Além de apoiar a redução da pobreza e as metas de desenvolvimento das Nações Unidas, a assistência do DfID também deu impulso à industrialização e reforma na África. Novamente, a Etiópia é um exemplo disso. Tendo se beneficiado dos esforços do DFID para reduzir a pobreza e criar condições para a transformação económica, agora é a economia que mais cresce no mundo .

O DfID mostrou que a assistência ao desenvolvimento é mais eficaz quando está alinhada com os próprios planos de desenvolvimento dos países destinatários. Tais acordos também oferecem isolamento contra contingências políticas ou diplomáticas que ameaçam prejudicar o desenvolvimento. As parcerias do DfID na África tiveram sucesso precisamente porque são baseadas em interesses mútuos, colocando o país destinatário no banco do motorista.

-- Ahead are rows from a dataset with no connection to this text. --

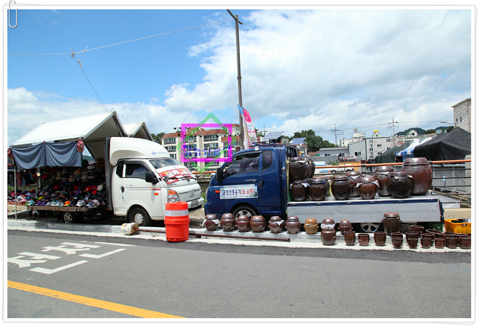 아직은 좀 이른시간. 현풍천을 끼고 도로가에도 장이 펼쳐집니다. 현풍백년도깨비전통시장 장날에 출동한 고령 전통옹기 판매차량의 모습이네요.
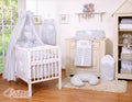 - Stor baldakin för vacker drapering runt en spjälsäng eller barnsäng
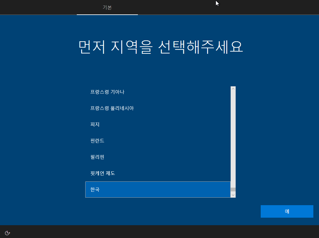 재부팅이 완료되면 윈도우를 설치한 직후와 같이 기본적인 설정을 묻는 화면이 나옵니다.
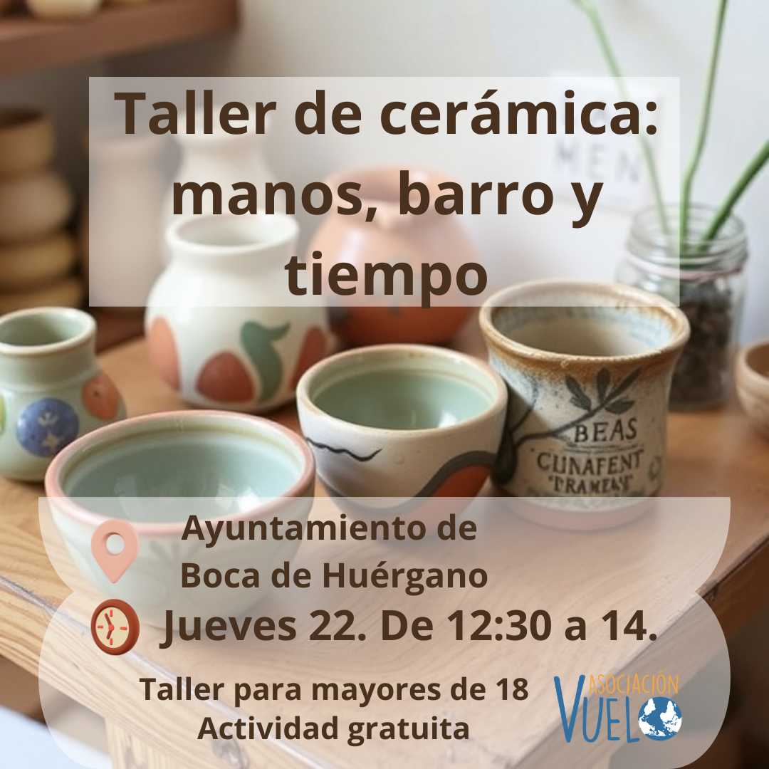 Taller práctico de cerámica pensado para personas adultas que quieran disfrutar del trabajo manual, del contacto con el barro y del ritmo

As políticas de desenvolvimento internacional dos países desenvolvidos devem ser orientadas por dois princípios gerais. Primeiro, a assistência deve atender aos interesses de longo prazo dos países em desenvolvimento. Felizmente, além de promover o crescimento, acordos institucionais que promovam a colaboração e a coordenação com os países beneficiários garantirão o melhor valor para os contribuintes nos países de origem.

Segundo, as parcerias para o desenvolvimento não devem ser usadas como meros instrumentos de estratégia geopolítica. É por isso que é importante ter uma instituição independente para supervisionar a assistência ao desenvolvimento; caso contrário, sempre haverá algum potencial para pressão política indevida.

Um Reino Unido pós-Brexit tem muitas opções críticas a fazer. Fortalecerá a cooperação económica com a África, actuando como um parceiro genuíno de um continente próximo com o qual possui fortes laços históricos (mesmo que sejam dolorosos para o continente)? Ou abandonará as conexões exemplares com os países em desenvolvimento que construiu desde 1997 e desempenha apenas um papel periférico? Em um mundo de potências económicas crescentes, como a China, é do interesse do Reino Unido e da África manter - e aprofundar - as parcerias existentes.

ARKEBE OQUBAY

Arkebe Oqubay, ministro sénior e consultor especial do Primeiro Ministro da Etiópia, é um membro distinto do Overseas Development Institute e autor, mais recentemente, do Desenvolvimento Económico Africano: Evidência, Teoria, Política  (Oxford University Press, 2020) e O Manual de Oxford de Hubs Industriais e Desenvolvimento Económico (Oxford University Press, 2020).